[Exercise requirements] No pictures should appear. The lines from the beginning of the listing through the one holding "สมเด็จพระสังฆราช สกลมหาสังฆปริณายก ทรงแสดง" must be reproduced exactly, and nothing more.

[Information shown]
* * * *

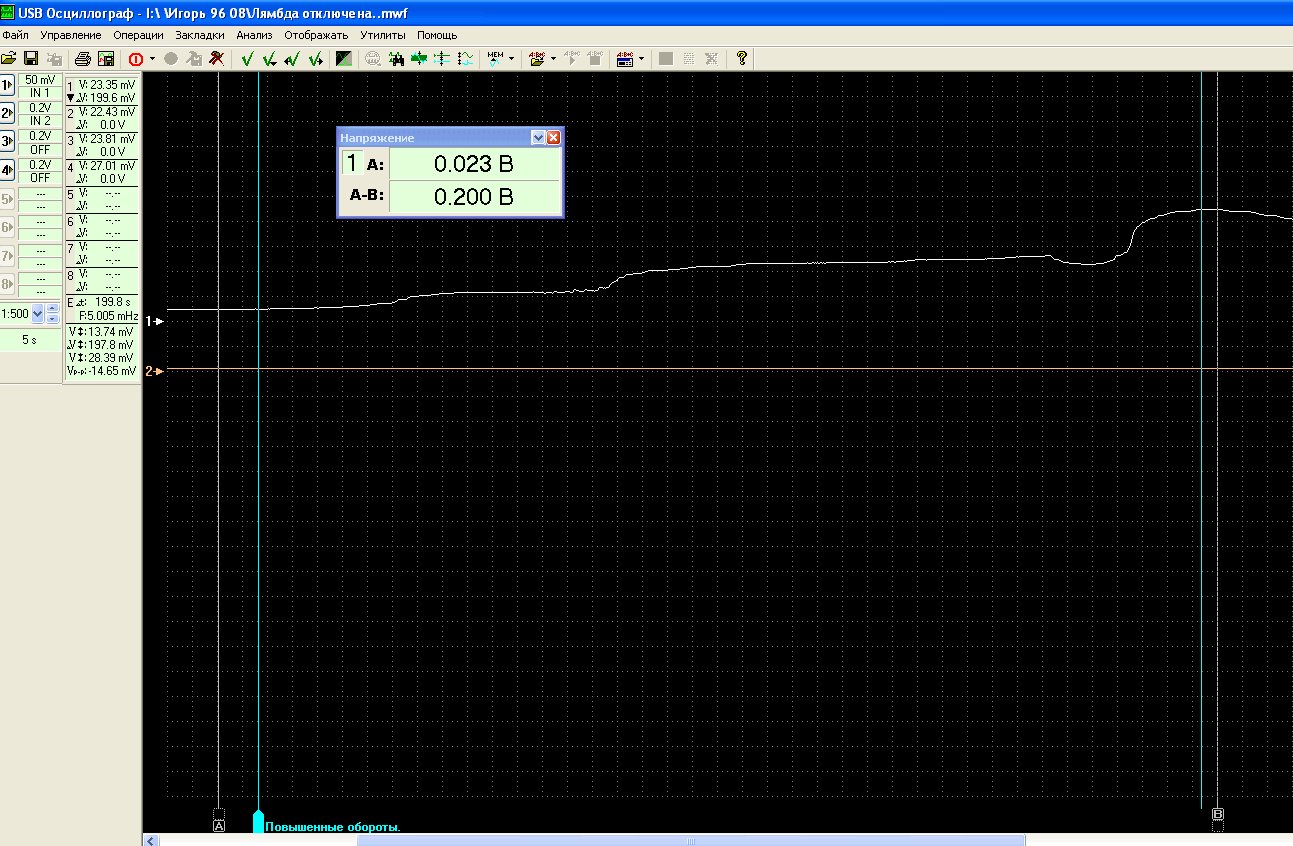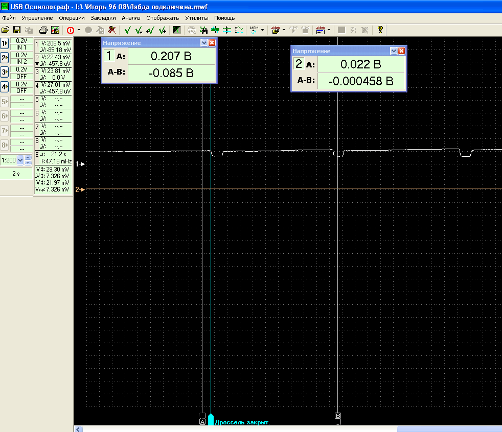 Понятно, что 0,2 вольта, ЭБУ воспринимает как бедную смесь и начинает обогащать...
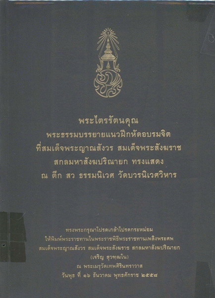 พระไตรรัตนคุณ พระธรรมบรรยายแนวฝึกหัดอบรมจิตที่สมเด็จพระญาณสังวร สมเด็จพระสังฆราช สกลมหาสังฆปริณายก ทรงแสดง ณ ตึก สว ธรรมนิเวศ วัดบวรนิเวศวิหาร / สมเด็จพระญาณสังวร สมเด็จพระสังฆราช สกลมหาสังฆปริณายก
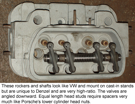 In the shot below left, you can see the spacing of the rockers, and if you look closely, below right, you can see the spacers we made to position the rockers properly. You can also see how the equal length head studs work on a Denzel - at least when installed. The usual Denzel setup has studs that stick through with standard nuts on top of spacers that look very much like these head bolts, and they do provide an identical-height-grip even without identical length studs. The setup we are using, however, has true equal length head studs to help guarantee no loss of cylinder to head sealing and reduce the risk of warpage under heavy load, heavy heat conditions.

* * * *

[Finished exercise]
 Понятно, что 0,2 вольта, ЭБУ воспринимает как бедную смесь и начинает обогащать...
 พระไตรรัตนคุณ พระธรรมบรรยายแนวฝึกหัดอบรมจิตที่สมเด็จพระญาณสังวร สมเด็จพระสังฆราช สกลมหาสังฆปริณายก ทรงแสดง ณ ตึก สว ธรรมนิเวศ วัดบวรนิเวศวิหาร / สมเด็จพระญาณสังวร สมเด็จพระสังฆราช สกลมหาสังฆปริณายก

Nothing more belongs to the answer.